Next, the case of the driving method in which the rotation direction of the motor 51 is not only one direction will be described.
When the rotation direction of the motor 51 is not one direction, that is, when the rotation direction of the shaft 52 can be switched between a clockwise (CW) direction and a counterclockwise direction when viewed from the left side in the figure in the axial direction, There is a possibility that the force is applied to both sides of the driven gear 66 in the axial direction.

  Therefore, as shown in FIG. 7, both sides in the axial direction of the driven gear 66, that is, between the bracket 62 and the driven gear 66, and between the face plate 61 to which the bracket 62 is attached and the driven gear 66 are provided. An anti-vibration material 64 is sandwiched and provided. This prevents vibrations in the thrust direction of the driven gear 66 between the driven gear 66 and the bracket 62 and vibrations in the thrust direction of the driven gear 66 between the driven gear 66 and the face plate 61. Absorbed by the vibration material 64. Therefore, vibration in the thrust direction of the driven gear 66 between the bracket 62 and the driven gear 66 and vibration in the thrust direction of the driven gear 66 between the driven gear 66 and the face plate 61 are reduced. Can do.
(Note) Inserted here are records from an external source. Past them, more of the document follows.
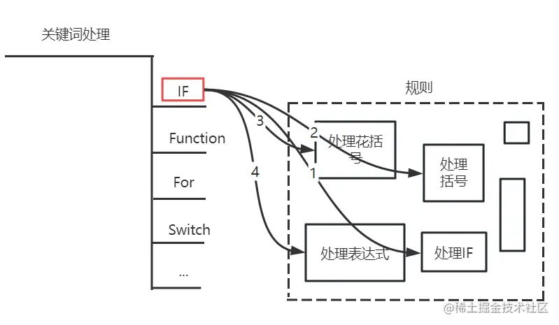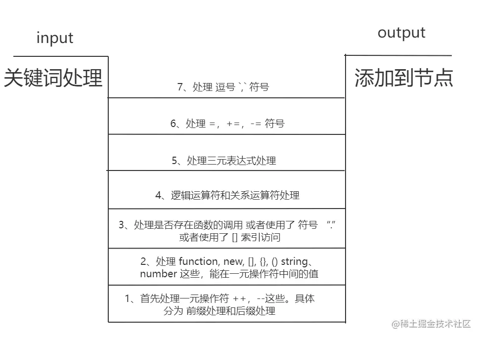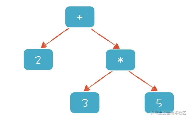 不同的关键词都有不同的处理方法,需要根据实际再去细节处理,这里需要注意的是再处理逻辑运算符和关系运算符时候还需要设置不同优先级 < 和 >优先级 < + 和 - 优先级 < * 和 `` 优先级,根据不同优先级来去实现深度优先的嵌套关系,比如这样的一个2 + 3 * 5 该如何处理呢参考下面代码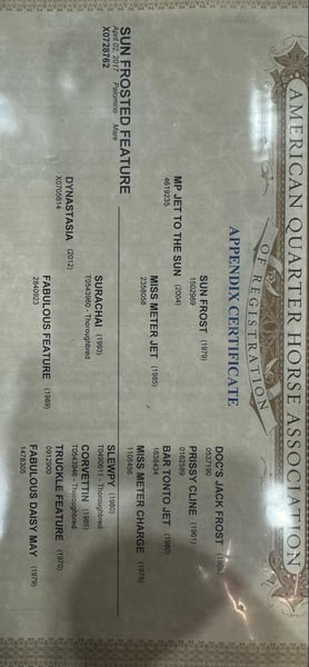ONLINE-AUKTION Geben Sie Ihre Gebote unter www.PlatinumEquineAuction.com ab. Startgebot $3500 Die Auktion endet am 10. November 2024 Brauchen Sie einen neuen Sattel? Schauen Sie sich White Rock Saddles auf unserer Website oder Facebook an! Sun Frosted Feature alias "Frosty" ist eine eingetragene 7-jährige Appendix AQHA Stute. Sie ist ein wunderschöner Palomino mit leichten Schimmelflecken in ihrem Fell und viel Chrom an ihren Beinen und im Gesicht. Sie hat eine Größe von 15,1H und ist schön und kräftig. Diese hübsche Stute hat eine große, liebenswerte Persönlichkeit, mit der man sehr leicht zurechtkommt. Sie ist ständig auf der Suche nach Aufmerksamkeit, sie ist die erste, die Sie am Tor begrüßt und wird Sie sogar gelegentlich anschnauzen. Mit einem großen Motor und mehr "Go" als "Whoa" ist sie sehr arbeitsfreudig und könnte sich in einer Vielzahl von Disziplinen auszeichnen. Frosty wurde bereits auf Barrels und Poles vorgestellt und hat das Potenzial, sich mit der richtigen Person zu verbessern. Sie geht im Schritt, Trab und Lopen am lockeren Zügel und kann ein- oder zweihändig geritten werden. Sie hört gut auf Bein- und Sitzdruck und ist immer bereit zu gefallen. Frosty sucht oft das Vertrauen ihres Reiters in Situationen, mit denen sie nicht vertraut ist, und versucht ihr Bestes, um Ihnen zu gefallen. Sie ist eine sehr große und kräftige Stute, was sie zu einem exzellenten Wettkampfpartner, einem spaßigen Wanderreitpferd oder sogar zu einer großartigen, reitbaren Zuchtstute macht. Schließlich ist sie eine Enkelin von Sun Frost", einem hervorragenden und gefragten Vererber. Frosty wurde kürzlich von meinem Tierarzt, Hufschmied, Zahnarzt und Chiropraktiker untersucht. Sie hüpft mit Leichtigkeit auf den Anhänger und lässt sich sehr gut zurücksetzen. Frosty kann draußen auf der Weide allein oder mit anderen Pferden zusammen sein, sie macht sich auch gut in einer Box. Frosty ist eine sehr pflegeleichte Hündin in meiner Anlage und es ist eine absolute Freude, sie um sich zu haben. Bei Fragen zu Frosty rufen Sie bitte Sydney von SRS Training and Sales unter 518-935-8282 an. Frosty befindet sich in Granbury, TX. Wenn Sie nicht in der Nähe sind, helfe ich Ihnen gerne, den Versand von Granbury, TX, in die USA zu organisieren. ONLINE-AUKTION Geben Sie Ihre Gebote unter www.PlatinumEquineAuction.com ab. Startgebot $3500 Die Auktion endet am 10. November 2024. Brauchen Sie einen neuen Sattel? Schauen Sie sich White Rock Saddles auf unserer Website oder Facebook an!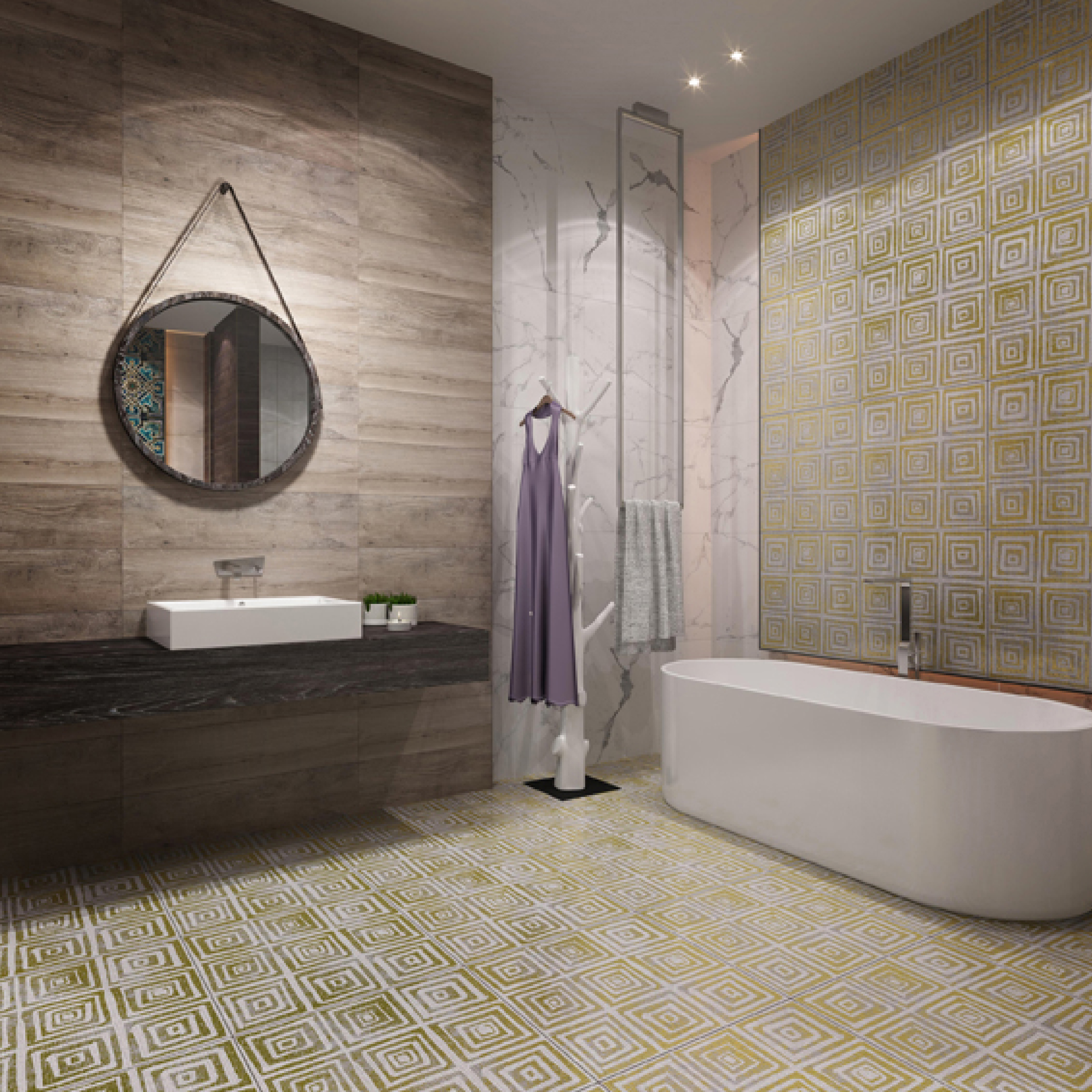 These 600x600mm ceramic tiles feature a sleek green - white geometric pattern, perfect for modern kitchen decor. The repeated square design adds a touch of minimalist elegance, creating a fresh and stylish look. Ideal for both floors and backsplashes, they blend functionality with aesthetic appeal, making your kitchen a more inviting and visually appealing space while being easy to maintain.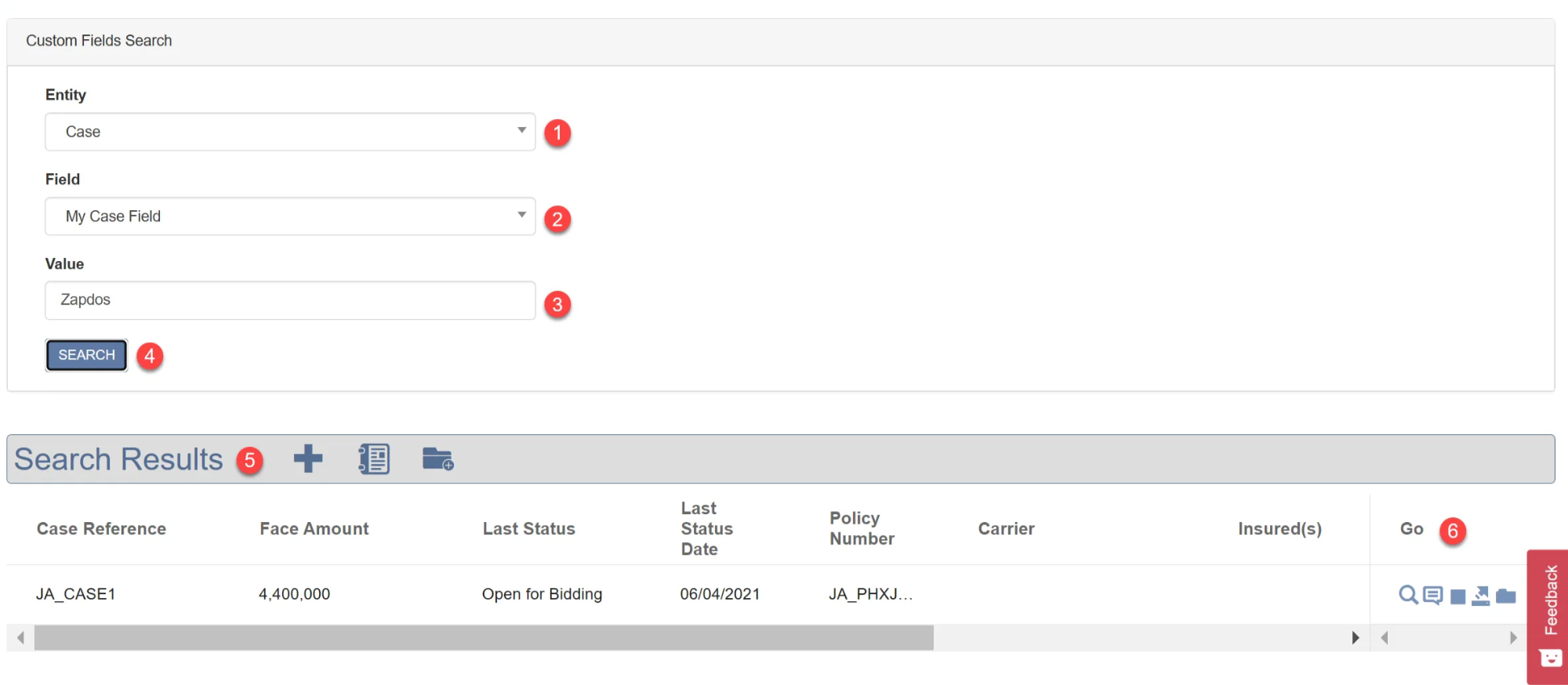 Search Results in the lower pane lists all the (non-snapshot) cases where the chosen custom field value exactly matches the value supplied in the search.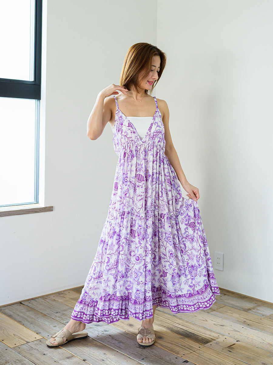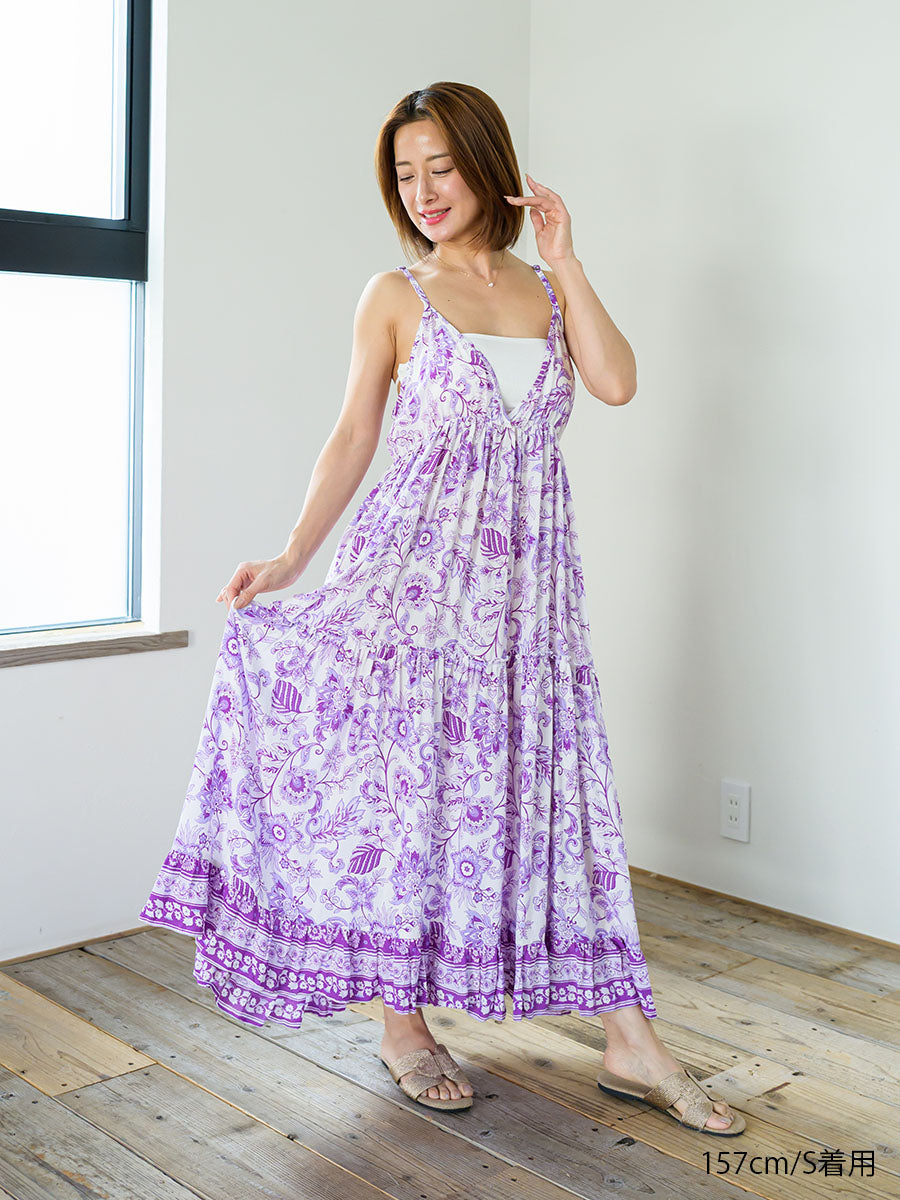 LAUT BLUE(ラウトブルー)花柄キャミソールティアードワンピース/パープル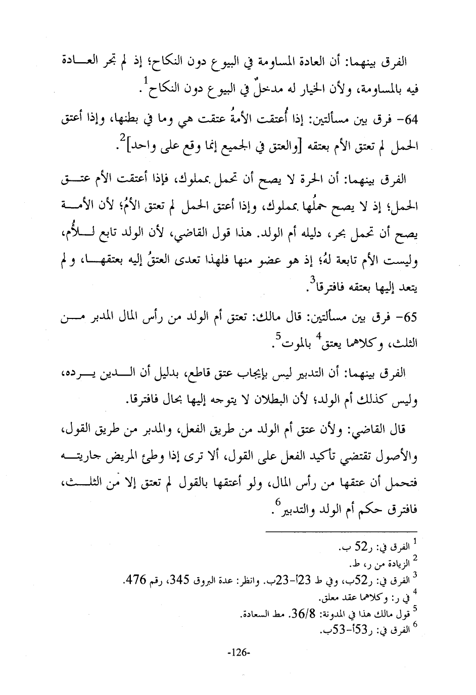 (¬3) الفرق في: ر 52 ب، وفي ط 23 أ - 23 ب. وانظر: عدة البروق 345، رقم 476.

That is, the vibration in the thrust direction of the driven gear 66 can be reduced regardless of the rotation direction of the motor 51, and the noise can be reduced.

  FIG. 9 shows a state of vibration in the thrust direction transmitted from the motor 51 to the stud 63 via the bracket 62. Since the motor 51 is attached to the bracket 62, the vibration of the motor 51 is transmitted to the bracket 62 and the bracket 62 vibrates. When the bracket 62 vibrates in this way, the vibration is transmitted to the stud 63 crimped to the bracket 62, and the vibration transmitted to the stud 63 is transmitted to the driven gear 66 provided rotatably on the stud 63. That is, the vibration of the motor 51 is transmitted from the bracket 62 to the driven gear 66 through the stud 63 in the thrust direction indicated by the arrow B in the figure. Thus, when the vibration of the motor 51 is transmitted to the driven gear 66, the driven gear 66 vibrates and generates noise.

  In the present embodiment, since the vibration isolator 64 is sandwiched between the bracket 62 and the driven gear 66 in the stud axial direction, the vibration isolator 64 transmits from the bracket 62 to the driven gear 66 via the stud 63. The vibration in the thrust direction is absorbed by the vibration isolator 64. Therefore, since the vibration in the thrust direction transmitted from the bracket 62 to the driven gear 66 is reduced, the generation of noise can be suppressed accordingly.

  Further, the vibration transmission in the thrust direction from the bracket 2 to the driven gear 66 due to the vibration of the motor 51 is reduced by the anti-vibration material 64, so that the vibration by the motor 51 is transmitted from the driven gear 66 to the first transmission gear. It is possible to suppress the transmission to the drive transmission system after the driven gear 66 such as the second transmission gear 68 via 67, and the influence on the drive transmission system can be reduced, so that the noise can be reduced. .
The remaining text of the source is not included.